Restons en Europe, avec, d'abord, la Grande-Bretagne, relativement plus présente cette année que d'habitude. Deux de ses films ont attiré l'attention : Black Jack, de Ken Loach, ou les aventures d'un jeune garçon et de son brutal mentor sur les routes de l'Angleterre encore presque moyenâgeuse, au secours d'une enfant que l'on enferme chez les fous. Un très joli film, original et sensible, que le public a trop ignoré. Et Les Européens, d'après un roman de Henry James, rencontre du Vieux et du Nouveau Monde dans la splendeur de l'été indien de la Nouvelle-Angleterre. Avec une loufoque Vie de Brian, pastiche insolent de celle du Christ, des Monty Python, un film sur le rock, Quadrophenia, de Frank Roddam (sur la mode des Who) et l'étrange Rencontre avec des hommes remarquables (dont le mage Gurdjeff) de Peter Brook, la Grande-Bretagne, dont le cinéma reste presque inexistant, a fait, cette année, un peu plus parler d'elle.
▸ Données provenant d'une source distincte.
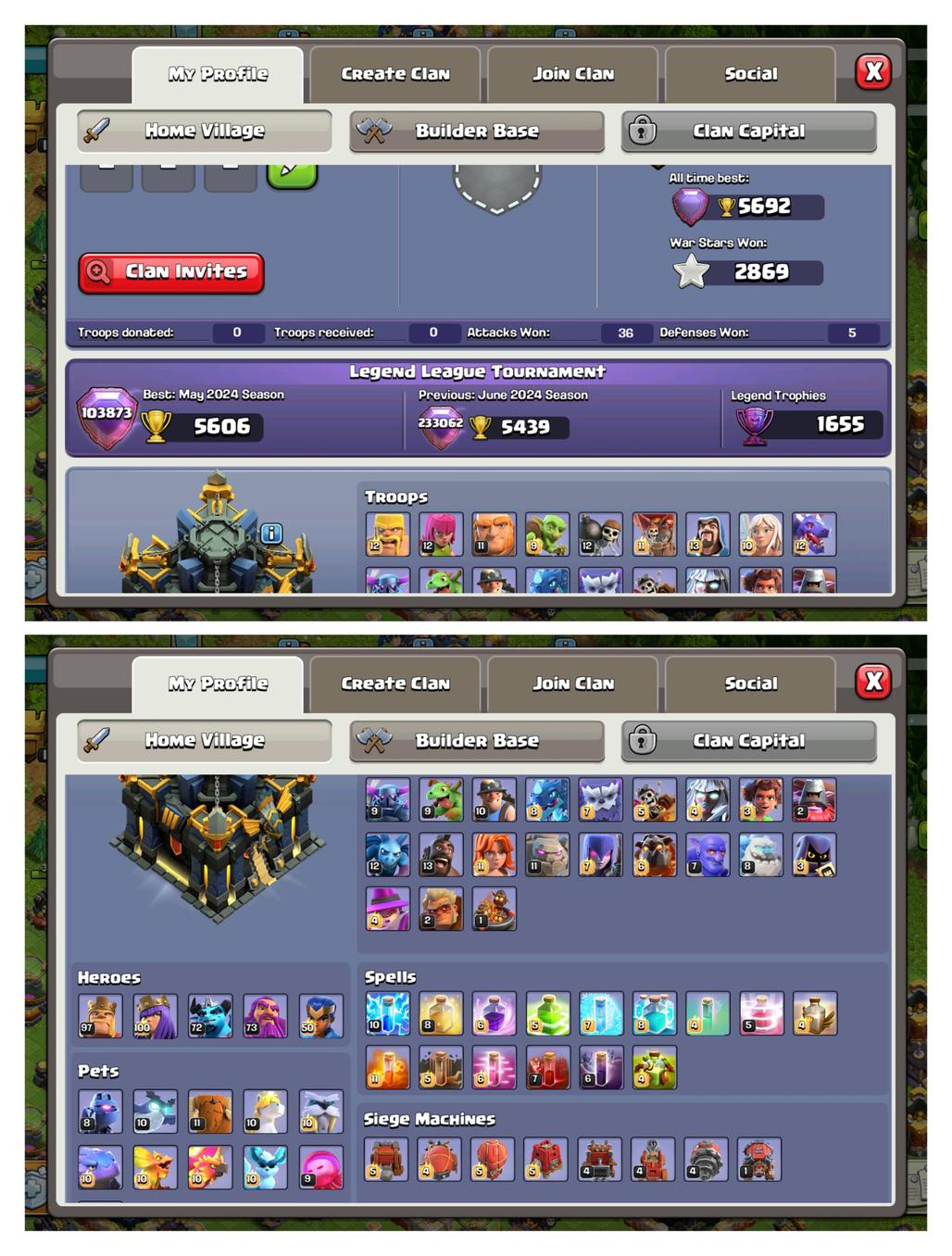 TH 17 Near Max | 3x Epic Max [ S.B-F.A-E.B ] 4x Heroes Max | 7x Epic [G.G-23 M.M-23 F.B-20 R.S-20] Instant Delivery

D'Espagne, c'est une fois de plus Carlos Saura qui a donné le seul film intéressant, Maman a cent ans, conte grinçant et un peu onirique sur un pays qui s'éveille parfois maladroitement d'une longue période de refoulement.

La Suède, en l'absence d'Ingmar Bergman dont on n'a vu qu'un documentaire, Mon île Farö, n'a produit que des films restés confidentiels.

L'Union soviétique n'a convaincu ni avec les Cinq soirées de Nikita Mikhalkov ni avec Le marathon d'automne de Gueorgi Daniela. Mais, en attendant le nouveau film de Tarkowski, Stalker, présenté presque clandestinement à Cannes, elle a tout de même produit l'un des plus beaux films de l'année, film-fleuve, lent et majestueux, Sibériade, où Andrei Mikhalkov brosse en de superbes images plus de cinquante années d'histoire à travers la vie d'un petit bourg de la taïga.